> INFORMATION SUPPLIED:
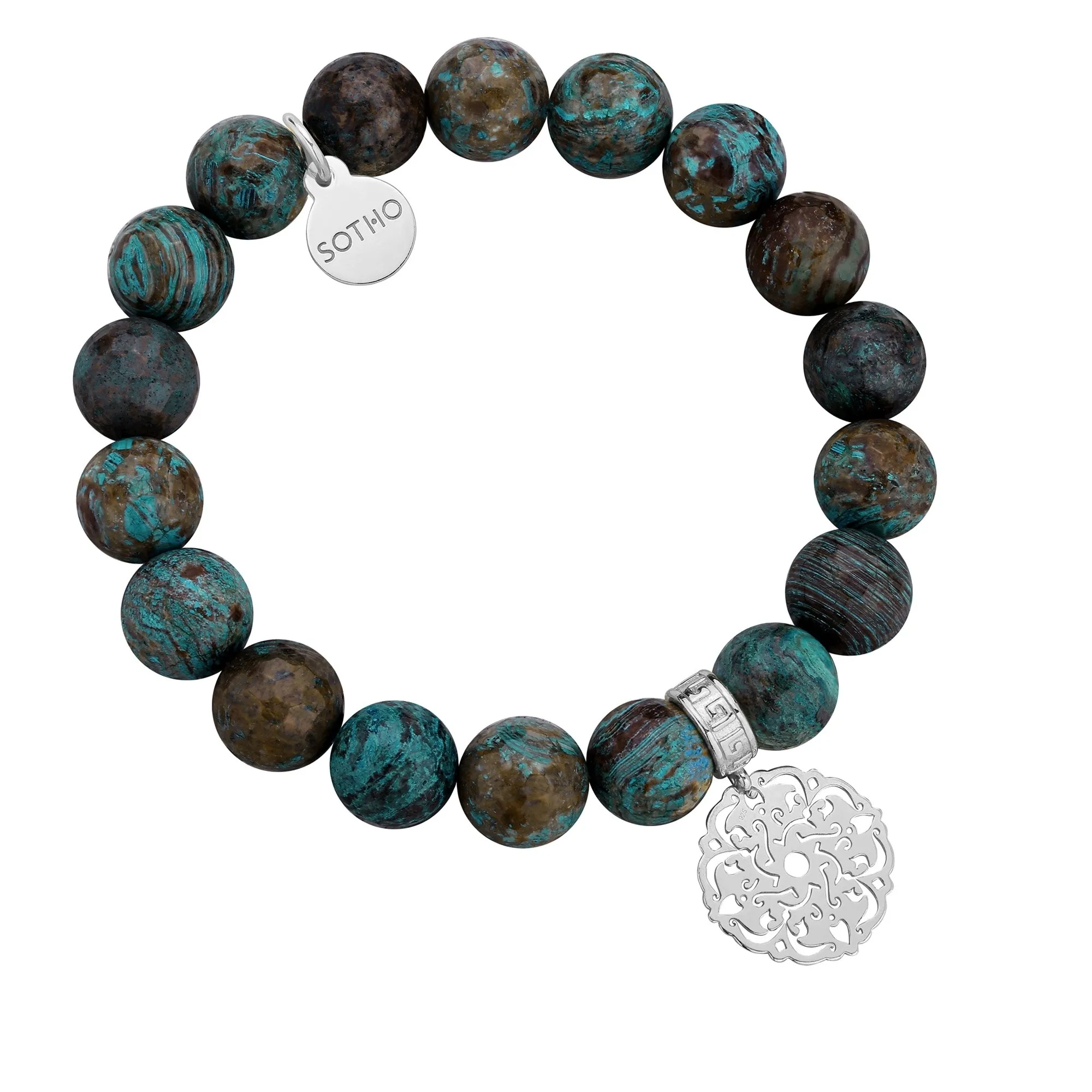 Bransoletka z fasetowanego jaspisu ze srebrną ażurową rozetką
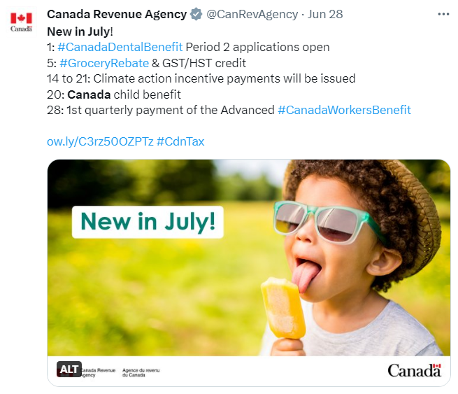 加拿大税务局(Canada Revenue Agency,简称CRA),宣布了从7月1日起开始的5大福利。
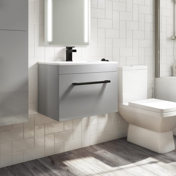 600 mm Grey Wall Hung Vanity Unit with Basin and Black Handle – Ashford
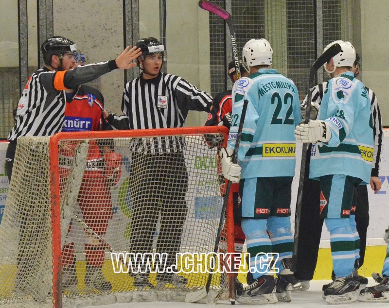 TELČ / MILEVSKO – Hrdinou duelu v Telči se stal ochránce domácího brankoviště. „Jednoznačně nejlepším hráčem na ledě byl Martin Švec, který přiváděl hostující útočníky k šílenství. Podle mých poznámek zachránil devět jasných gólů,“ hlásil předseda telčského klubu František Čermák. Mužstvo Telče uspělo v nájezdech, když se trefili obránci Jaroslav Šťastný a Roman Čermák, za hosty nikdo. „Měli jsme územní převahu a spoustu šancí. Otočili jsme na 3:2. Tým s našimi ambicemi by neměl ztratit takový zápas. Soupeř dal do hry víc srdíčka a podržel ho gólman,“ uvedl krumlovský asistent Vilém Migl ml.
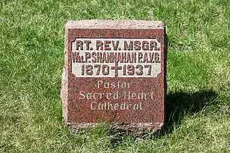 Bishop Henry Rohlman nominated Shannahan twice for Papal honors; the first time as a Domestic Prelate and the second time as a Protonotary Apostolic. Both honors were bestowed by Pope Pius XI.[3] In the 1930s he worked with Msgrs. Martin Cone and George Giglinger to develop a local radio program on WOC that featured Catholic topics.[4] Msgr. Shannahan died on October 22, 1937, at the age of 67.
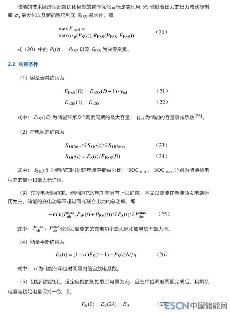 2 儲能技術經(jīng)濟性優(yōu)化配置模型
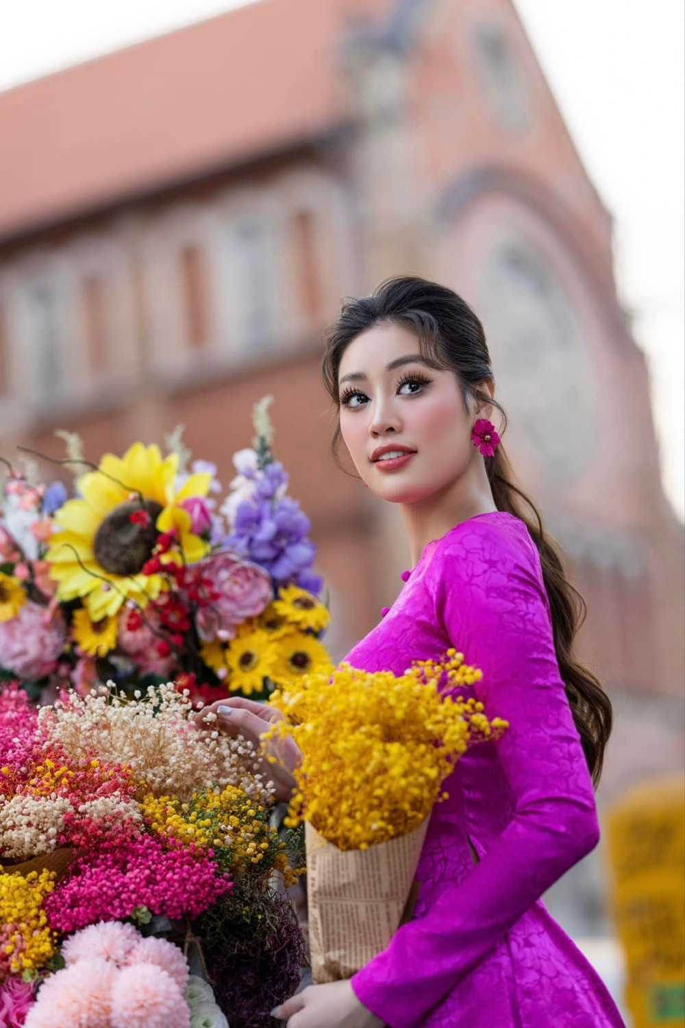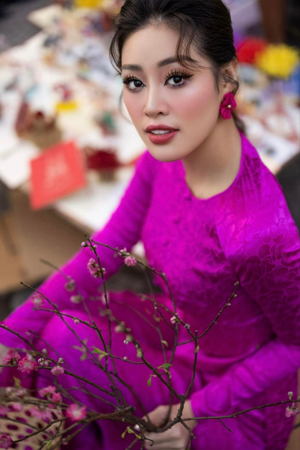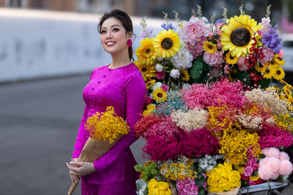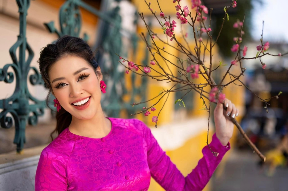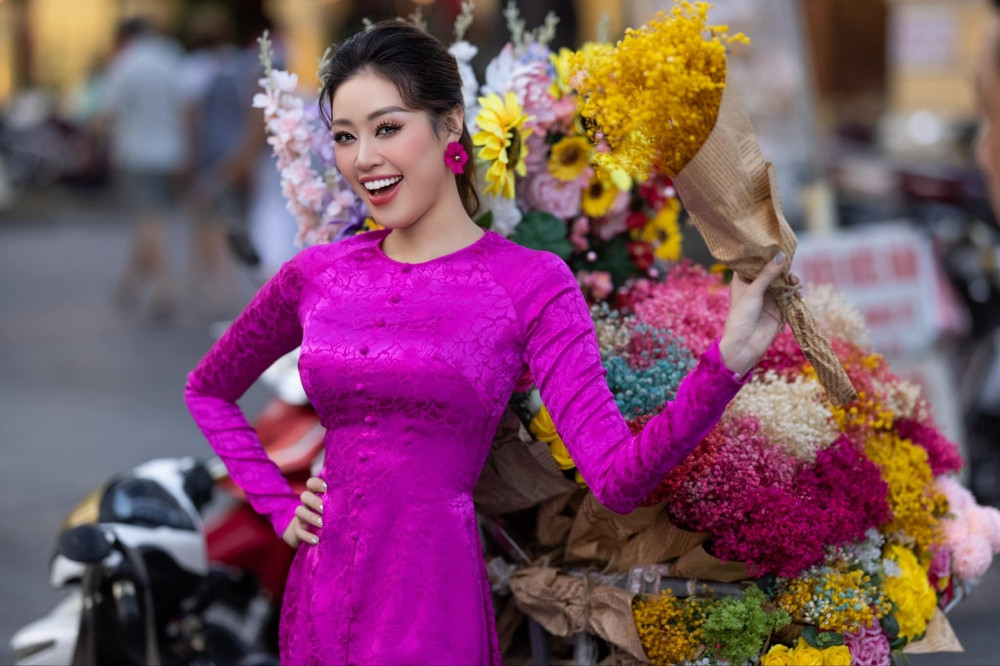 Trong bộ ảnh chào đón Tết Nguyên đán Giáp Thìn 2024 sắp đến, Khánh Vân đã chọn mặc áo bà bà, thay vì mặc áo dài như nhiều người đẹp khác. Nàng hậu chọn bộ áo bà ba màu hồng đậm, khoe nhan sắc rực rỡ giữa đường phố TP.HCM.

> EXERCISE INSTRUCTIONS: Excluding the pictures, transcribe each entry above word for word.

> REPLY TO THE TASK:
 Bransoletka z fasetowanego jaspisu ze srebrną ażurową rozetką
 加拿大税务局(Canada Revenue Agency,简称CRA),宣布了从7月1日起开始的5大福利。
 600 mm Grey Wall Hung Vanity Unit with Basin and Black Handle – Ashford
 TELČ / MILEVSKO – Hrdinou duelu v Telči se stal ochránce domácího brankoviště. „Jednoznačně nejlepším hráčem na ledě byl Martin Švec, který přiváděl hostující útočníky k šílenství. Podle mých poznámek zachránil devět jasných gólů,“ hlásil předseda telčského klubu František Čermák. Mužstvo Telče uspělo v nájezdech, když se trefili obránci Jaroslav Šťastný a Roman Čermák, za hosty nikdo. „Měli jsme územní převahu a spoustu šancí. Otočili jsme na 3:2. Tým s našimi ambicemi by neměl ztratit takový zápas. Soupeř dal do hry víc srdíčka a podržel ho gólman,“ uvedl krumlovský asistent Vilém Migl ml.
 Bishop Henry Rohlman nominated Shannahan twice for Papal honors; the first time as a Domestic Prelate and the second time as a Protonotary Apostolic. Both honors were bestowed by Pope Pius XI.[3] In the 1930s he worked with Msgrs. Martin Cone and George Giglinger to develop a local radio program on WOC that featured Catholic topics.[4] Msgr. Shannahan died on October 22, 1937, at the age of 67.
 2 儲能技術經(jīng)濟性優(yōu)化配置模型
 Trong bộ ảnh chào đón Tết Nguyên đán Giáp Thìn 2024 sắp đến, Khánh Vân đã chọn mặc áo bà bà, thay vì mặc áo dài như nhiều người đẹp khác. Nàng hậu chọn bộ áo bà ba màu hồng đậm, khoe nhan sắc rực rỡ giữa đường phố TP.HCM.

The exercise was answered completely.